Förderverein Schloss Landshut, Utzensdorf BE Einladung Umrahmung 59. Generalversammlung vo  27. Juni 2026

 

Das Museum für Wild und Jagd im Schloss Landshut

Der Förderverein ist neben der Stiftung Schloss Landshut als wichtiger Partner für Landshut tätig. Der Förderverein ist auf verschiedenste Weise bestrebt Schloss Landshut als zeitgemässes Zentrum der Schweizer Jagd zu gestalten und zu erhalten.

1968 wurde das neue Museum auf Schloss Landshut eröffnet. Die Sammlung von Jagdwaffen und -geräten wurde vom alten Museum übernommen. Neu dazu kam eine Ausstellung über einheimische Wildtiere, später ergänzt durch eine Präsentation der Falknerei und die Sammlung von Jagdhörnern von Herrn Werner Flachs. Neuer Kurator des Museums wurde der Zoologe Dr. Peter Lüps, seines Zeichens Leiter der Abteilung Wirbeltiere im Naturhistorischen Museum Bern. Damit war personell die Fachkompetenz sowohl in Sachen Wildbiologie wie auch in Ausstellungstechnik sichergestellt.

 

Auf Einladung der Fördervereins Schloss Landshut fuhren wir von Affeltragen mit dem Bus nach Utzensdorf BE. Da wir bereits früh unterwegs waren,  war der Verkehr noch übersichtlich und wir waren gut unterwegs, so dass wir in einer Autobahnraststätte noch einen Kaffee- und Gipfelihalt machen konnten.

Das Schloss Landshut ist ein wunderschönes Wasserschloss und jederzeit einen Ausflug wert. Und das im Schloss vorhandene Museum eigentlich für jeden Jäger und jede Jägerin ein Muss, da einem eine vielseitige, vielfälltige und eindrucksvolle Ausstellung erwartet.

Zur Begrüssung und zur Totenehrung durften wir musikalisch beitragen, bevor wir im Schloss, während der Durchführung der Generalversammlung, eine erste flüssige Stärkung zu uns nehmen konnten, welche auf Grund des sehr warmen Wetters auch gerne angenommen wurde.

Nach Durchführung der Generalversammlung wurde ein Apéro angeboten, welchen wir mit einigen Musikstücken untermalen konnten.
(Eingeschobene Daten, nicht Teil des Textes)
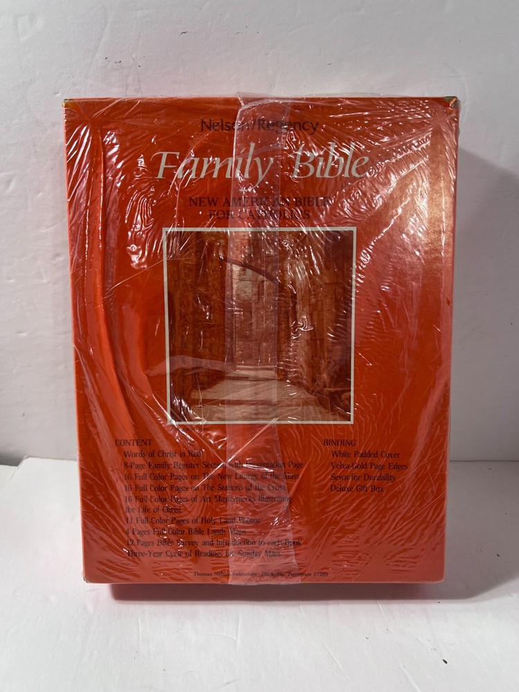 Holy Bible Large America Catholic Vintage Nelson/Regency Family New Sealed NOS new sealed. old stock. never opened. family bible great gift. this is the american catholic edition ... heavy at almost 7...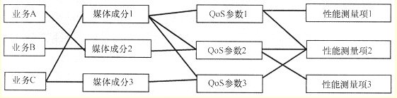 對(duì)于基于IMS的下一代網(wǎng)絡(luò)來說,QoS參數(shù)和業(yè)務(wù)的相關(guān)關(guān)系比較復(fù)雜。對(duì)于一個(gè)IMS業(yè)務(wù),需要保障其包含的所有的媒體成分的服務(wù)質(zhì)量。將IMS業(yè)務(wù)的QoS要求分解為可測(cè)量的網(wǎng)絡(luò)參數(shù)的過程如圖2所示。

Zum Mittagessen waren wir ebenfalls eingeladen und so konnten wir die schönen Räume im Schloss bestaunen. Vom feinen Mahl gestärkt, verabschiedeten wir uns musikalisch vom Gastgeber. Dieser hatte uns noch überrascht, indem er allen Musikanten noch einen freien Eintritt für das Museum überreichte. Dem Besuch des Museums sind wir gerne nachgekommen und manch einer war überrascht ab den interessanten Ausstellungsstücken. 

Das warme Wetter führte dazu, dass im Bus bald einige Köpfe sich auf der Brust niederliessen oder beim Sitznachbar Halt suchten. Leider mache der Ventilator des Busses Anstalten, seinen Betrieb einzustellen und bevor die Möglichkeit bestand, dass uns der Ventilator um die Ohren fliegt, musste er abeschaltet werden. Die Klimaanlage gab aber wenigstens etwas Kühlung. Müde aber zufrieden und gut gelaunt durften wir am Abend wieder in Affeltrangen eintreffen, wo wir uns voneinander verabschiedeten. An dieser Stelle wiederum besten Dank an Chläus Lüthi, welcher unser "Mannschaftsfahrzeug" organisiert hatte.